Thai New Year or Songkran has the distinction (like Christmas for some) of being a beloved and yet dreaded holiday. My first year in Thailand, I was beyond excited to see Bangkok’s city water-fight while my roommate was battering down the hatches and stocking up on food so she wouldn’t have to leave the house, for no one is safe from getting wet. Two years later and I was also of the mindset that it was best to avoid it but curiosity pulled me out of the house to see Songkran in Chiang Mai.
Chiang Mai has a moat and makes use of that feature heavily during the Songkran festivities. This was part of my curious and dread because all traffic around the moat stops and the streets overflow with locals and tourists alike armed to the teeth with implements of soaking. That James had also been sending me horror stories of parasites within the moat water and the skin infections people suffer each year from bring sprayed with said water, didn’t help my trepidation.
Even with these fears though, my curiosity of the Procession of the Buddha Images won. I headed off alone and was blessed with a savior in the form of a Songthaew driver. Songthaews are red trucks that shuttle people around town, similar to a pick-up truck but with benches in the back. While there is a roof over the benches, the back is open and I knew I’d be a sitting duck in the traffic. But as he was my savior, he allowed me to sit up-front in the cab with him and the windows rolled up so I could photograph the festivities and avoid the moat water.
At the moat, all traffic stopped and we inched along with the actual pickup trucks overflowing with groups armed with their water guns, cups, or buckets full of ice water; people on scooters; and then the crowd along the moat drenching others as they passed. I was particularly amused to see the vendors selling HUGE blocks of ice and/or garbage cans full of moat water used to refill the cans on trucks, for it is not enough to soak someone, it must be freezing water. It was all wonderful to witness, from within the locked cab [as I was not taking any chances].
Eventually our inching around the moat was done and we reached Wat Phra Singh, with no sign of the procession. I overtipped my savior and headed inside the temple to see the crowd gathered for New Year.
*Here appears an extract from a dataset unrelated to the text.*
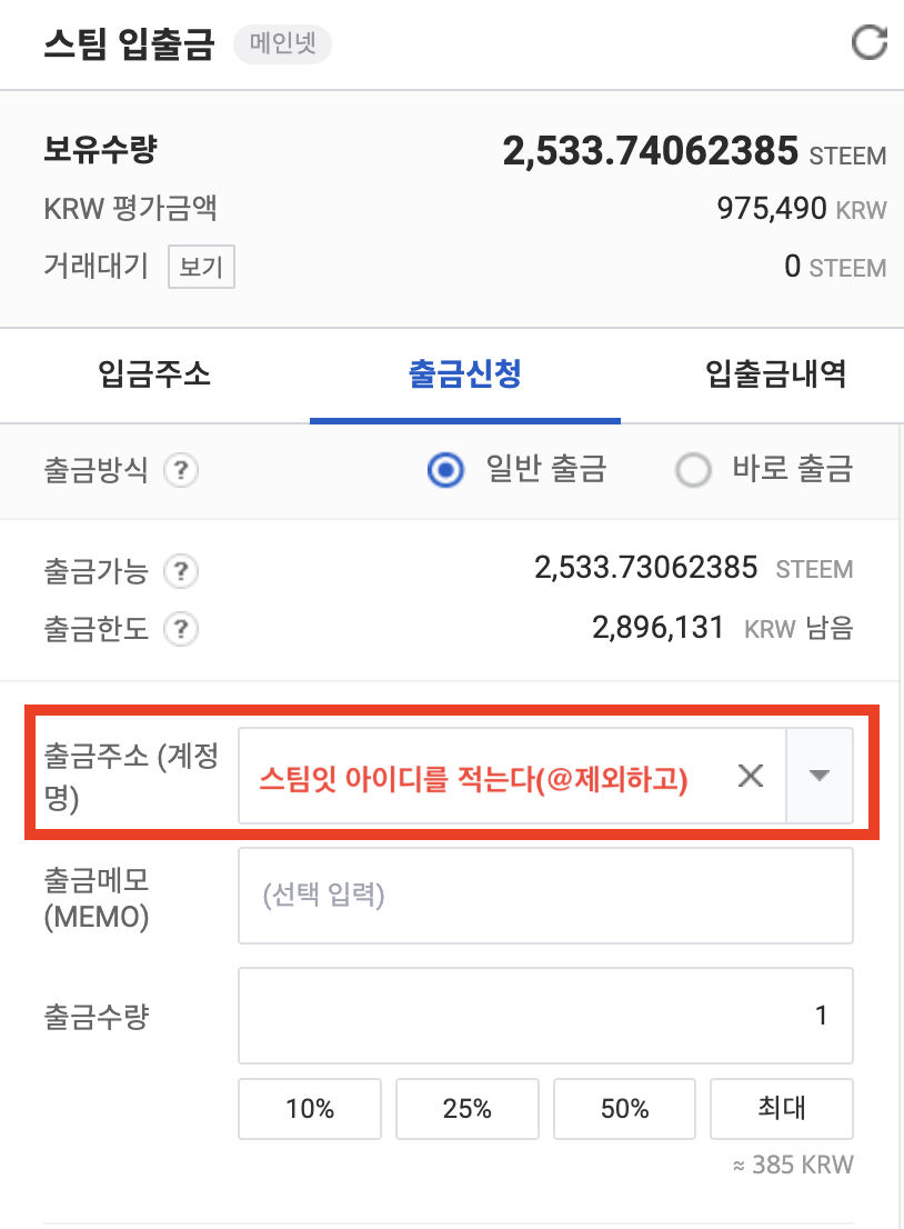 업비트에서 스팀잇으로 스팀을 보낼때는 출금주소에 스팀잇 아이디만 적으면 된다. 예를 들어 스팀잇 아이디가 @steemlove12 라면 @를 제외한 steemlove12 를 적어주면 된다. 출금메모는 선택입력 사항이다.

Families made various offerings to the monks and received blessings and I watched in wonderment at the temple intricacies.
Outside, straw awnings had been constructed to shelter the food stalls and handicraft booths that stood to either side of the small road. I wandered the grounds discovering that it was much larger than I’d previously realized. As I peered in a small temple, a group of boys shot me in the back with their water guns, giving me good-natured smiles as I frowned, clearly not in the spirit yet.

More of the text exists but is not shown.